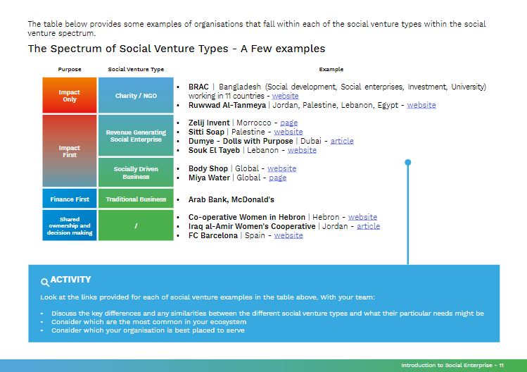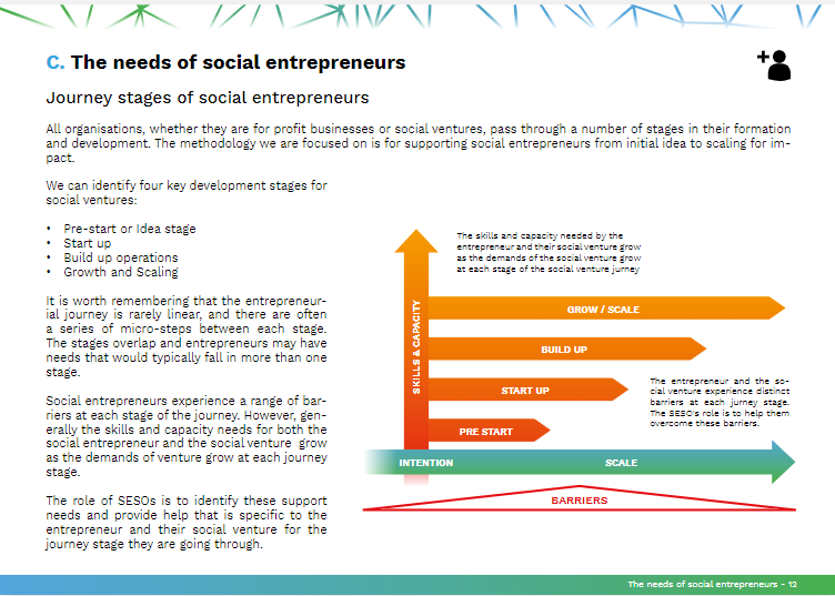 The toolkit is based on many years of experience and evidence of what works for social entrepreneur support. The social entrepreneurs you work with will be at varying stages of readiness, when they approach you for help. Your organisation will also grow and change on your journey to enabling social entrepreneurs to start up and grow. Feel free not to use the toolkit in a linear way, but focus on the information and resources that meet your specific needs at any particular time, adapting it for use to your local context and conditions.
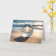 Glasobjektiv boll på en sandstrand med havstrandreflexion för födelsedag. Text kan ändras.
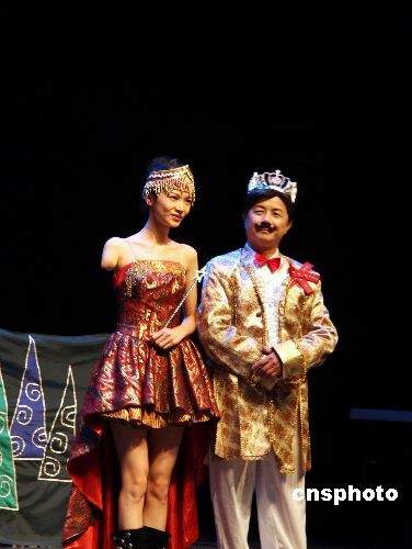 11月30日晚,臺灣第十二屆“弦月之美”身障人士才藝大展在臺北舉行,被臺灣人稱為“斷臂美女”的鄧美芳(左)在默劇中飾演白雪公主。 中新社發 周兆軍 攝
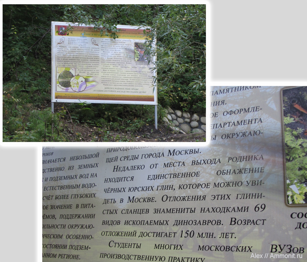 На фото плакат, который появился в 2009 году в овраге с юрскими глинами в Коломенском. Этот стенд посвящен находящемуся там роднику, но юрские глины на нем упомянуты. Упомянуты, правда, в типичном официально-безграмотном стиле - там сказано, что это единственное обнажение юрских глин в Москве и что в этих глинах найдено 69 видов ископаемых динозавров :)) Динозавров как таковых, ископаемых и не очень, из всего Московского региона известен всего 1 вид (из Песков), и даже если обозвать динозаврами морских рептилий (ихтиозавров, плезиозавров, плиозавров), то получится от силы видов 10, но никак не 69. Откуда взялось это число и чем уж оно так приглянулось безымянному автору стенда, остается только гадать. Зато обнажений юрских глин в Москве не так уж и мало.
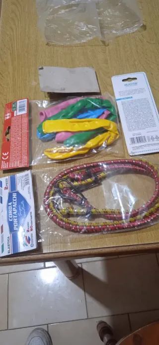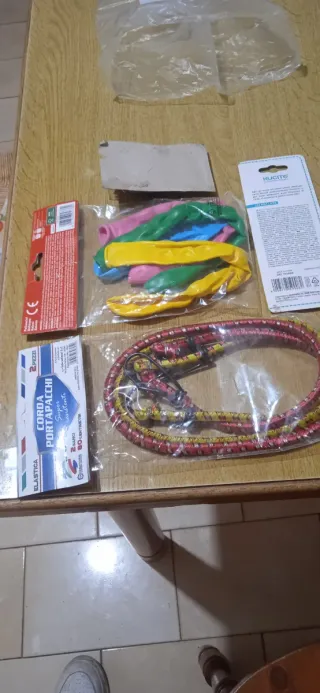 Vendo set di oggetti vari. - Palloncini colorati. - Corda elastica con ganci. - Altri articoli inclusi.
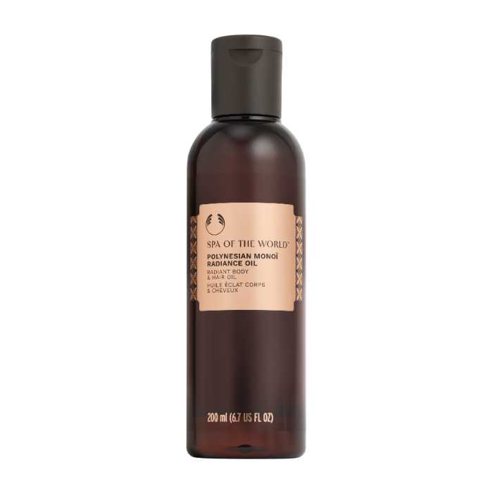 「ポリネシアン モノイ ラディアンスオイル」(200mL 5,060円)は、ココナッツオイル³やブラジルナッツオイル⁷配合で、肌と髪をなめらかに保ちます。
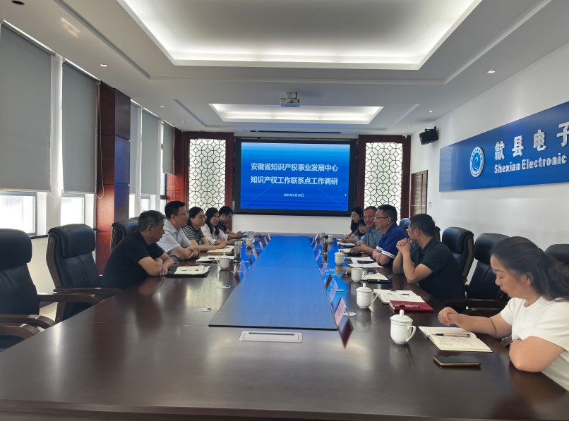 2025 年 5 月 30 日上午,安徽省知識(shí)產(chǎn)權(quán)事業(yè)發(fā)展中心副主任、一級(jí)調(diào)研員畢清一行,在黃山市知識(shí)產(chǎn)權(quán)促進(jìn)科科長(zhǎng)施銀明、市知識(shí)產(chǎn)權(quán)公共服務(wù)中心主任胡燕、歙縣市場(chǎng)監(jiān)督管理局副局長(zhǎng)丁大勇等人的陪同下,深入安徽省知識(shí)產(chǎn)權(quán)信息公共服務(wù)網(wǎng)點(diǎn)、黃山市知識(shí)產(chǎn)權(quán) “一站式” 服務(wù)工作站——安徽香寧眾創(chuàng)科技服務(wù)公司開(kāi)展知識(shí)產(chǎn)權(quán)工作聯(lián)系點(diǎn)調(diào)研活動(dòng),安徽香寧公司總經(jīng)理胡海鋒、香寧公司所屬黃山徽明知識(shí)產(chǎn)權(quán)代理事務(wù)所所長(zhǎng)葉綠林陪同參與調(diào)研會(huì)議。
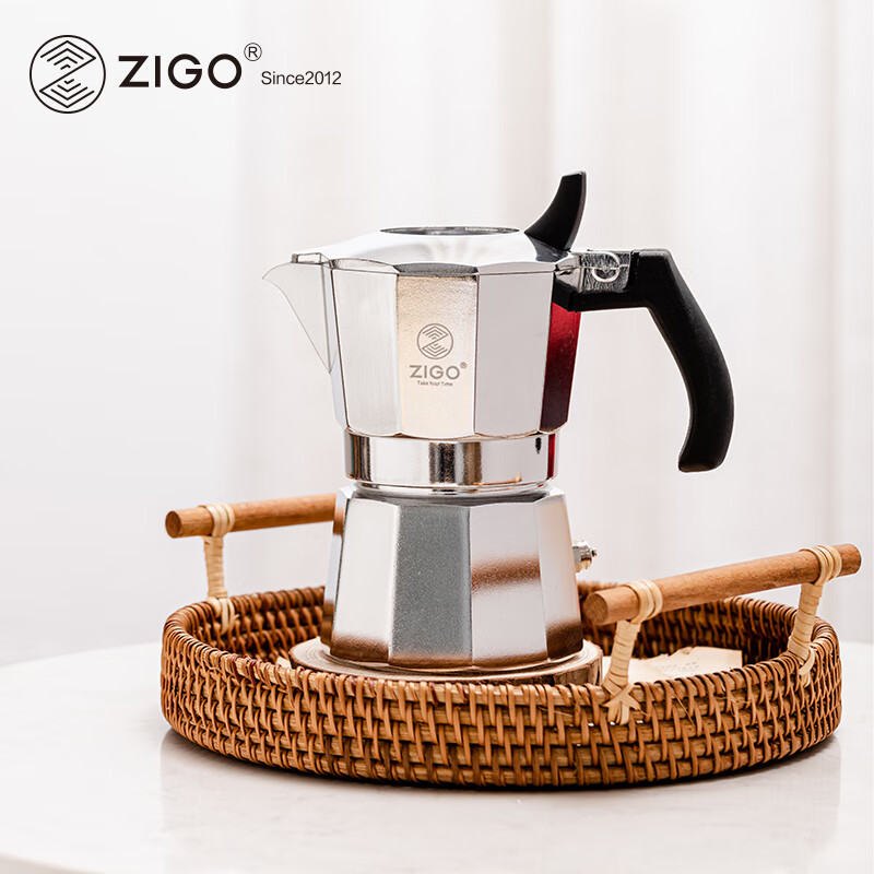 自营Zigo双阀摩卡壶意式浓缩手冲咖啡壶家用户外【国补】2杯份银色
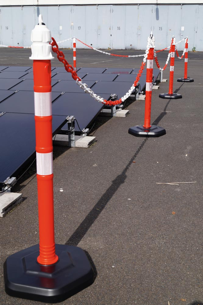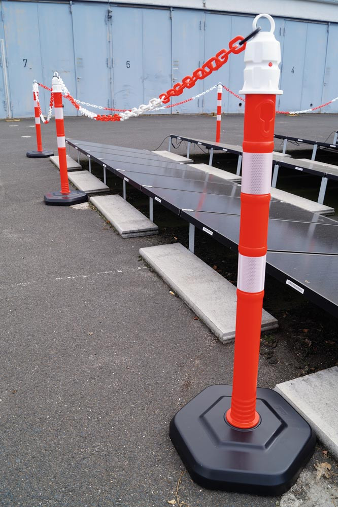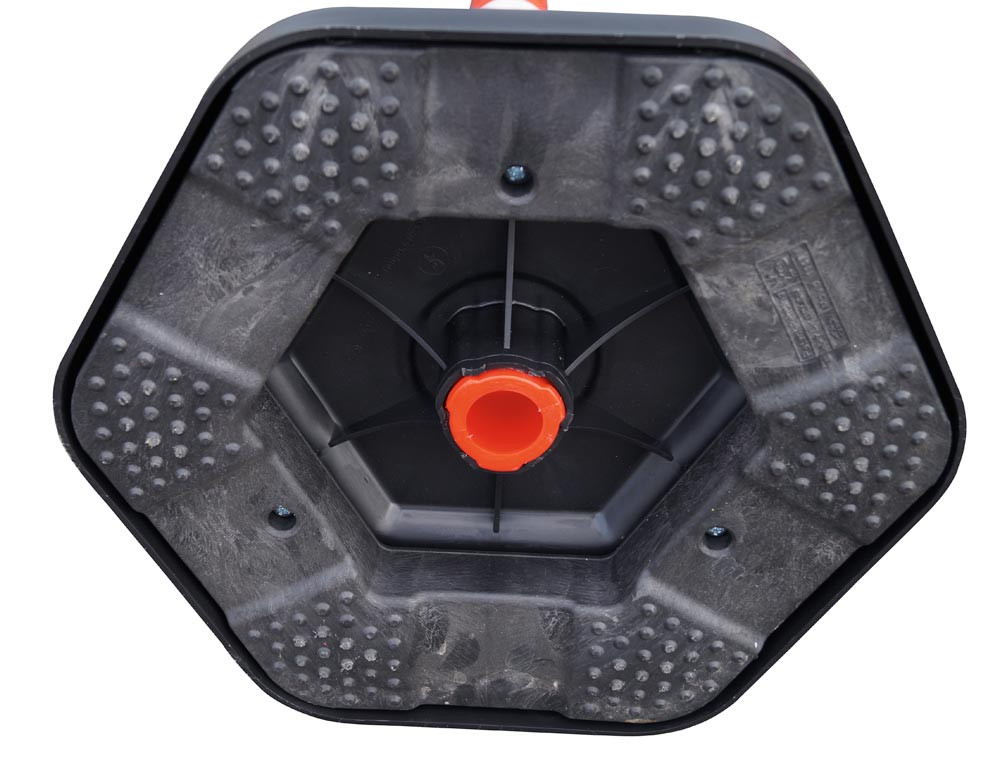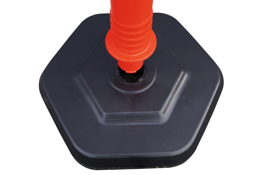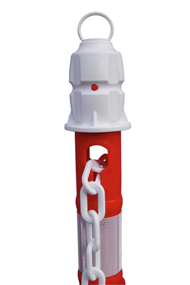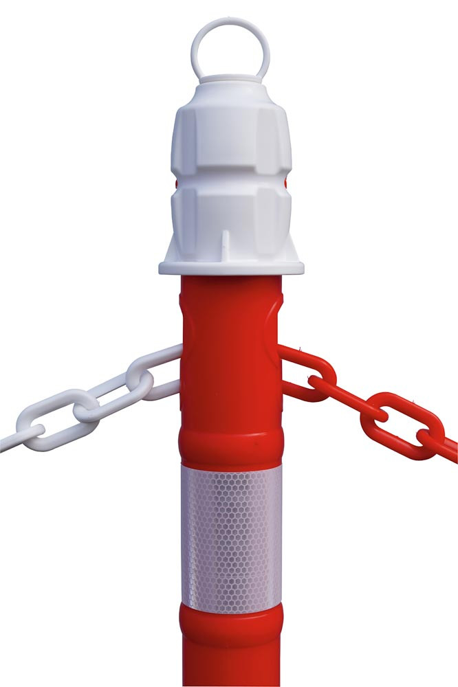 einem Stück ∙ Verbindung von Pfosten und Fuß durch Bajonettverschluss ∙ Material Polypropylen ∙ Farbe rot/weiß ∙ Öse zum Einhängen oder Durchführen der Absperrketten ∙ 2 retroreflektierende Streifen ∙ Max. Abstand zwischen den Sperrpfosten 2,5 m
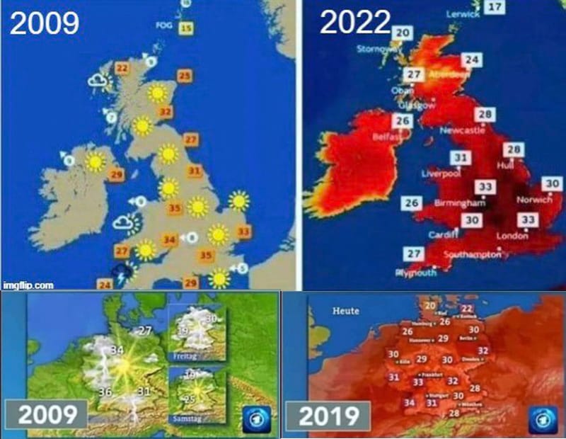 Another, particularly notorious, example is weather agencies using alarmingly-coloured maps to push their ‘climate crisis’ message. As comparison shows, earlier forecasts simply showed simple topographical maps with temperatures and innocuous symbols. More recently, though, in tandem with ramped-up legacy media hysteria over a supposed ‘climate emergency’, forecasts changed to ‘heat maps’, all alarming reds and oranges (‘hot’ colours’). As the comparisons show, despite having near-identical temperature ranges, the later maps are far ‘scarier’.
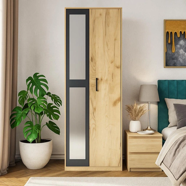 Сучасна маленька шафа платтяна розпашна дводверна з дзеркалом 70 см для одягу в стилі модерн у спальню кімнату ЛДСП Віва Гар
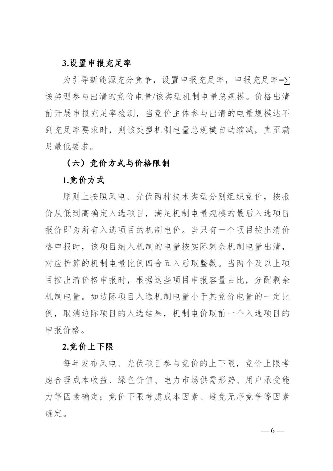 原则上按照风电、光伏两种技术类型分别组织竞价,按报价从低到高确定入选项目,满足机制电量规模的最后入选项目报价即为所有入选项目的机制电价。
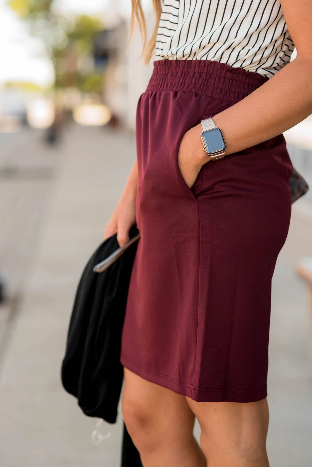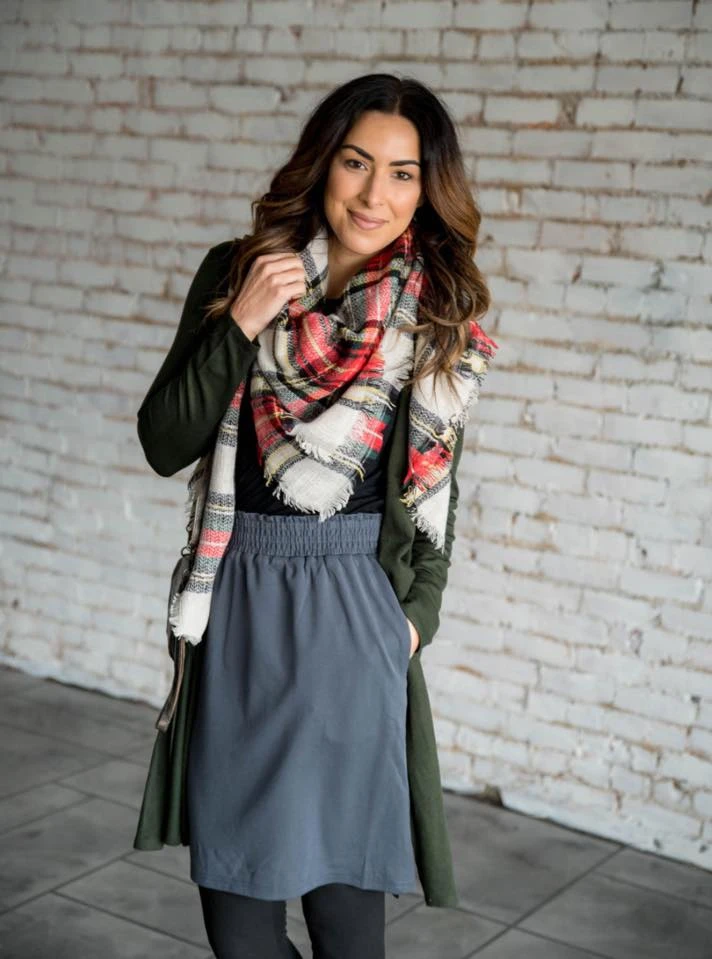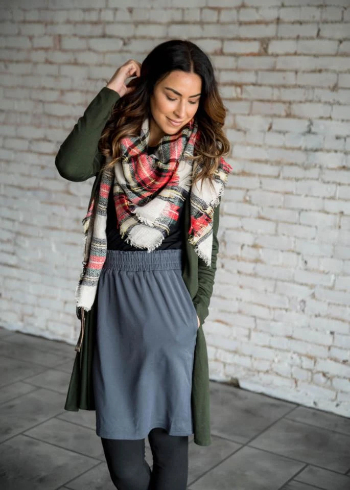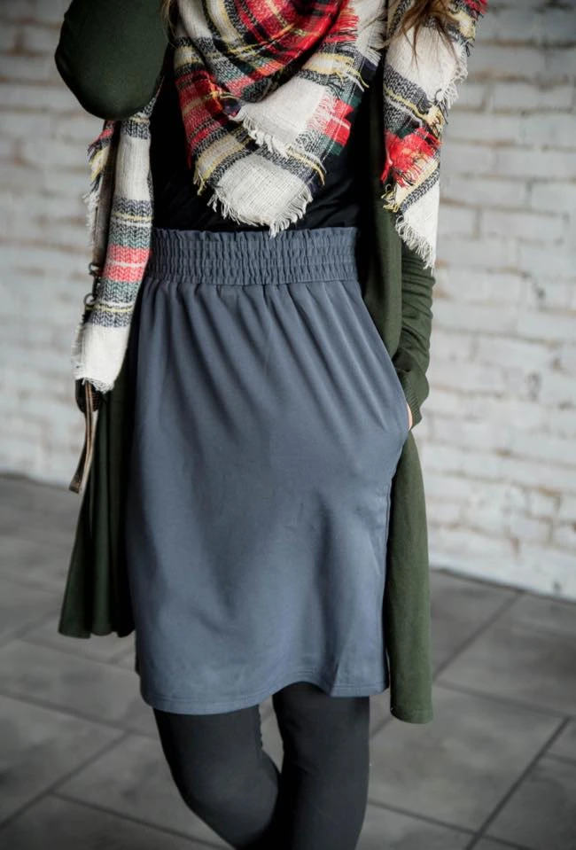 This basic skirt is a must have for anybody who loves a simple, comfortable fitting skirt. This skirt comes with pockets and an elastic waist for a comfortable, all day wear. Pair this with one of our blouses or basic tees for a complete Betsey’s look!
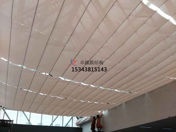 白天,陽光透過膜面使建筑物內(nèi)充滿夜自然漫射光。夜晚,室內(nèi)燈光透過膜面給空增添了夢幻般的夜景。當(dāng)膜結(jié)構(gòu)用于體育館、娛樂設(shè)施時,可以實現(xiàn)全天內(nèi)的舒適相結(jié)合的理想的商業(yè)空間。
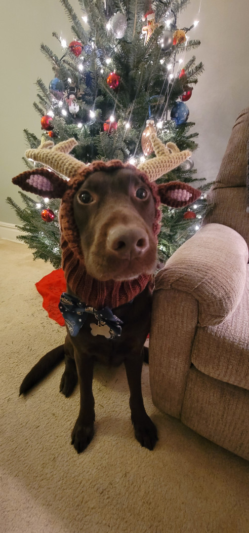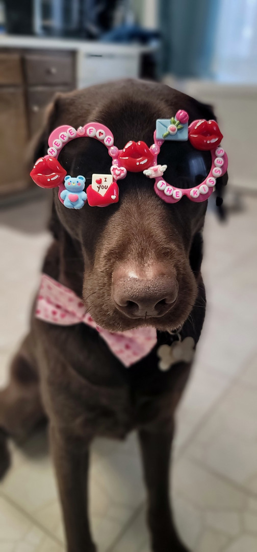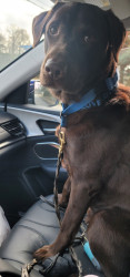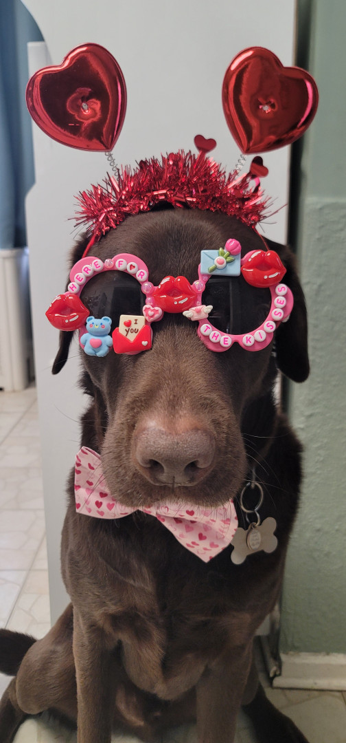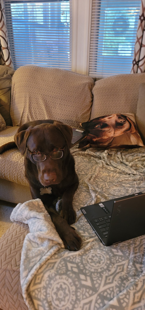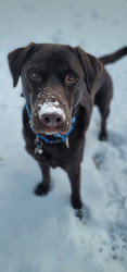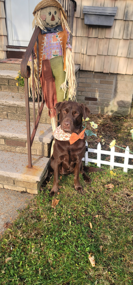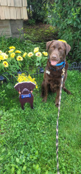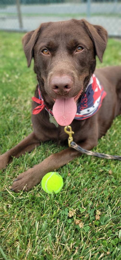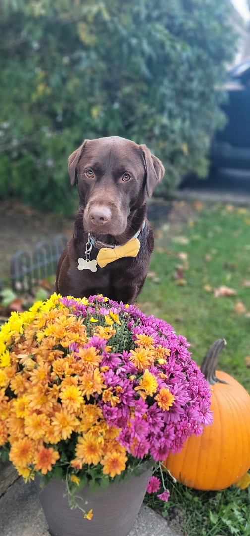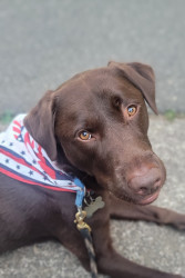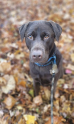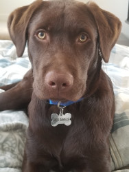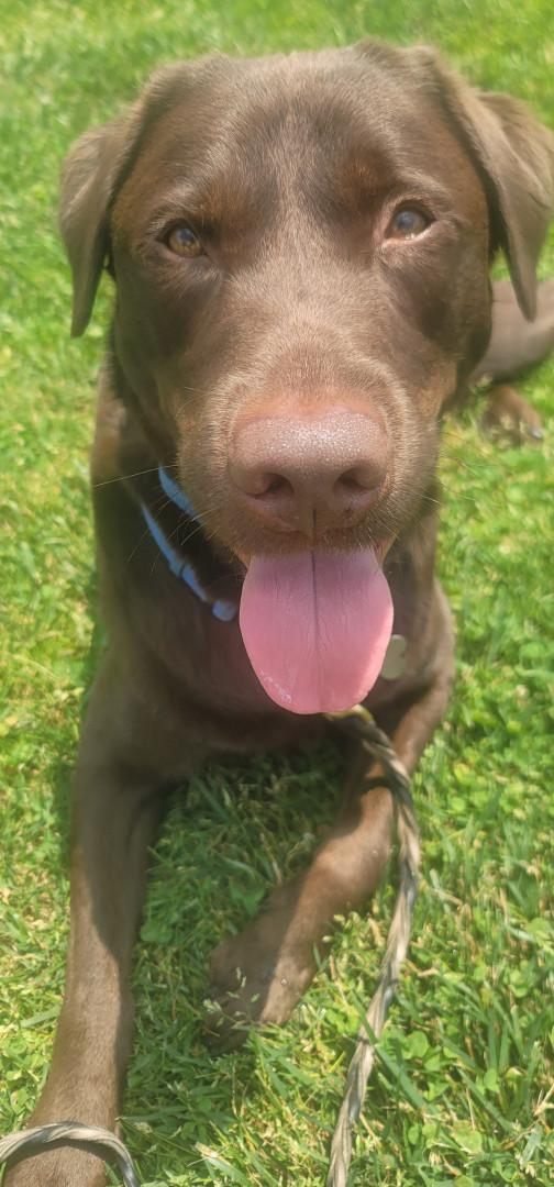 He is a chocolate labrador that LOVES people and making friends. He has lots of energy so loves his long walks around the neighborhood.
◆ ◆ ◆ ◆ ◆ ◆ ◆
### [Task to complete]
Everything from the line holding "原则上按照风电、光伏两种技术" through the last line of the listing should be written out exactly, except for the pictures.

### [Answer to the problem]
 原则上按照风电、光伏两种技术类型分别组织竞价,按报价从低到高确定入选项目,满足机制电量规模的最后入选项目报价即为所有入选项目的机制电价。
 This basic skirt is a must have for anybody who loves a simple, comfortable fitting skirt. This skirt comes with pockets and an elastic waist for a comfortable, all day wear. Pair this with one of our blouses or basic tees for a complete Betsey’s look!
 白天,陽光透過膜面使建筑物內(nèi)充滿夜自然漫射光。夜晚,室內(nèi)燈光透過膜面給空增添了夢幻般的夜景。當(dāng)膜結(jié)構(gòu)用于體育館、娛樂設(shè)施時,可以實現(xiàn)全天內(nèi)的舒適相結(jié)合的理想的商業(yè)空間。
 He is a chocolate labrador that LOVES people and making friends. He has lots of energy so loves his long walks around the neighborhood.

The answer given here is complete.